## Instructions for the task
Please repeat each line below exactly, with no images in the copy.

## Given material
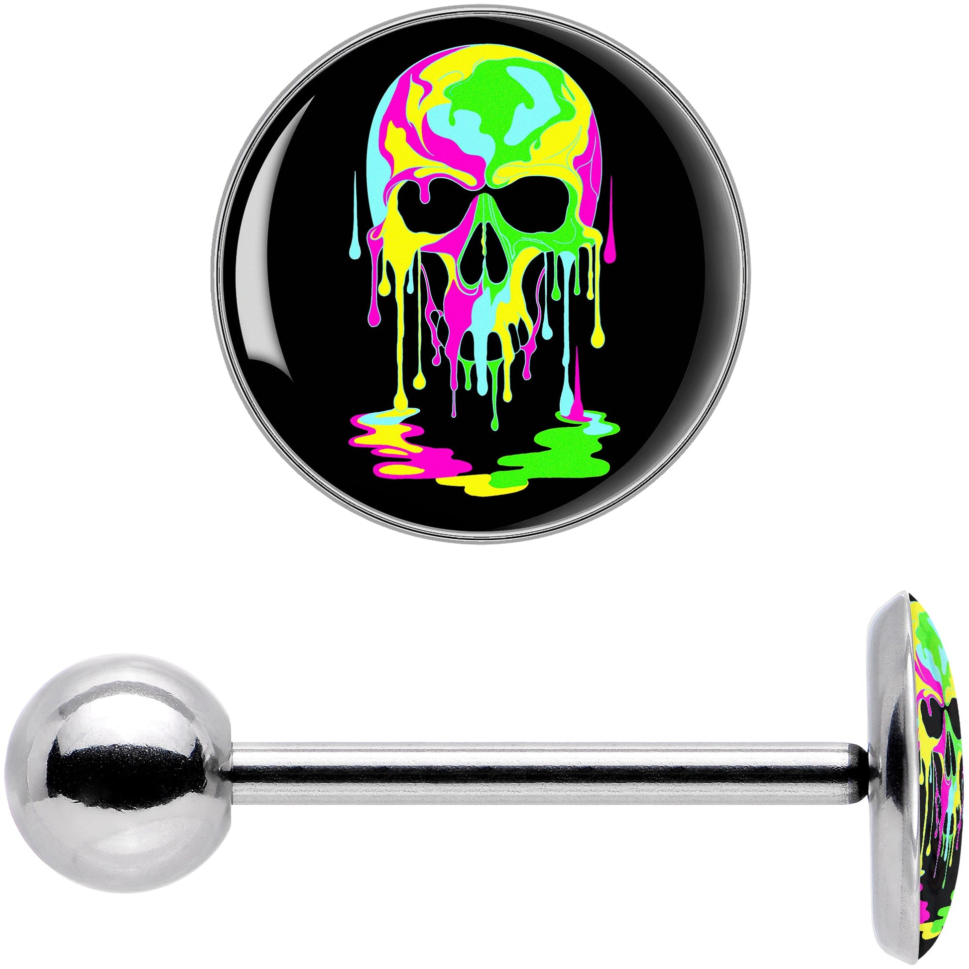 The multicolor skull on this 14 gauge tongue jewelry is so hot that it looks like it might be melting. The style will melt your face off when you are rocking this gorgeously gruesome tongue piercing ring.
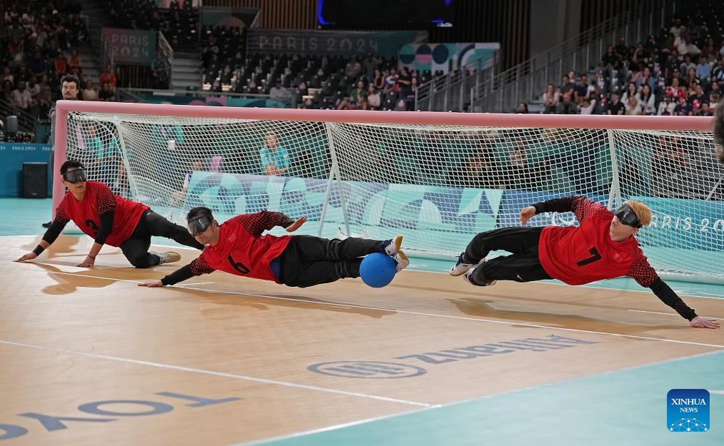 China's Yang Mingyuan, Yu Qinquan, and Yu Deyi (from L to R) compete during the Goalball men's semifinal match between China and Japan at the Paris 2024 Paralympic Games in Paris, France, Sept. 4, 2024. (Xinhua/Hou Zhaokang)
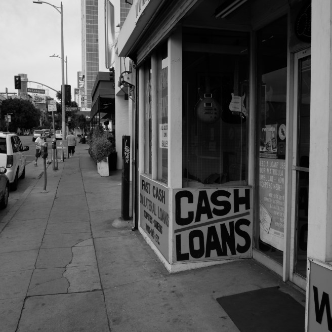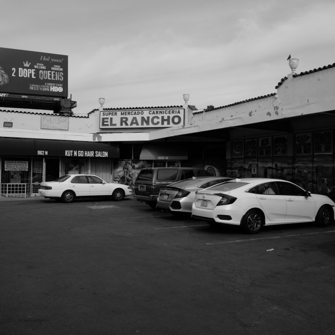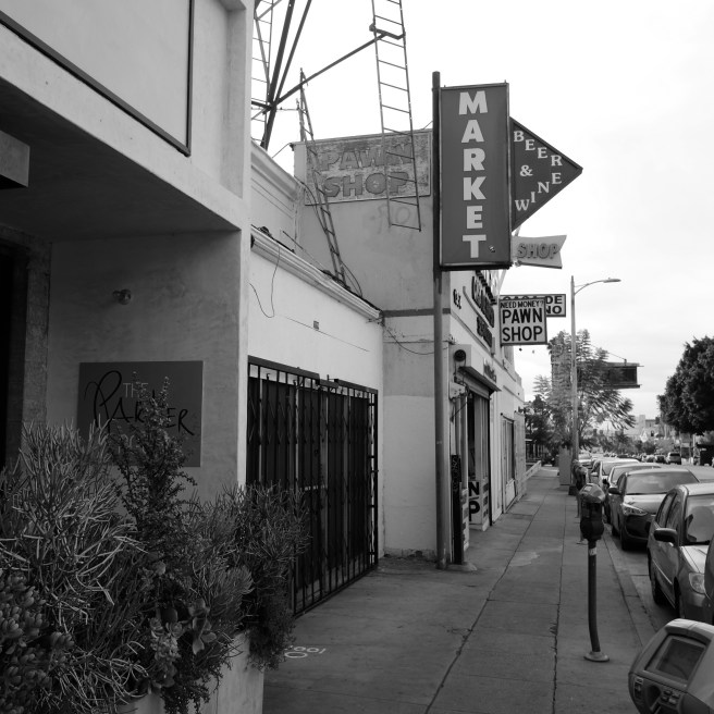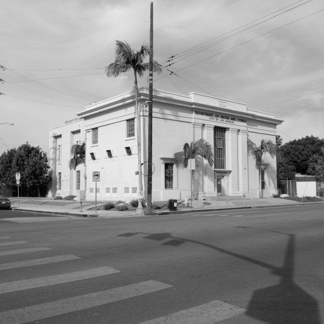 In black and white, editing out the poverty, Vine Street presents itself as a neat and tidy noir place. There is Stein and Vine Drums, the DWP Service Building, erected 1924; Bogie’s Liquors, the Army/Navy & Earthquake Supplies, and Camerford Avenue, a street I never heard of until today.

## Output for this exercise
 The multicolor skull on this 14 gauge tongue jewelry is so hot that it looks like it might be melting. The style will melt your face off when you are rocking this gorgeously gruesome tongue piercing ring.
 China's Yang Mingyuan, Yu Qinquan, and Yu Deyi (from L to R) compete during the Goalball men's semifinal match between China and Japan at the Paris 2024 Paralympic Games in Paris, France, Sept. 4, 2024. (Xinhua/Hou Zhaokang)
 In black and white, editing out the poverty, Vine Street presents itself as a neat and tidy noir place. There is Stein and Vine Drums, the DWP Service Building, erected 1924; Bogie’s Liquors, the Army/Navy & Earthquake Supplies, and Camerford Avenue, a street I never heard of until today.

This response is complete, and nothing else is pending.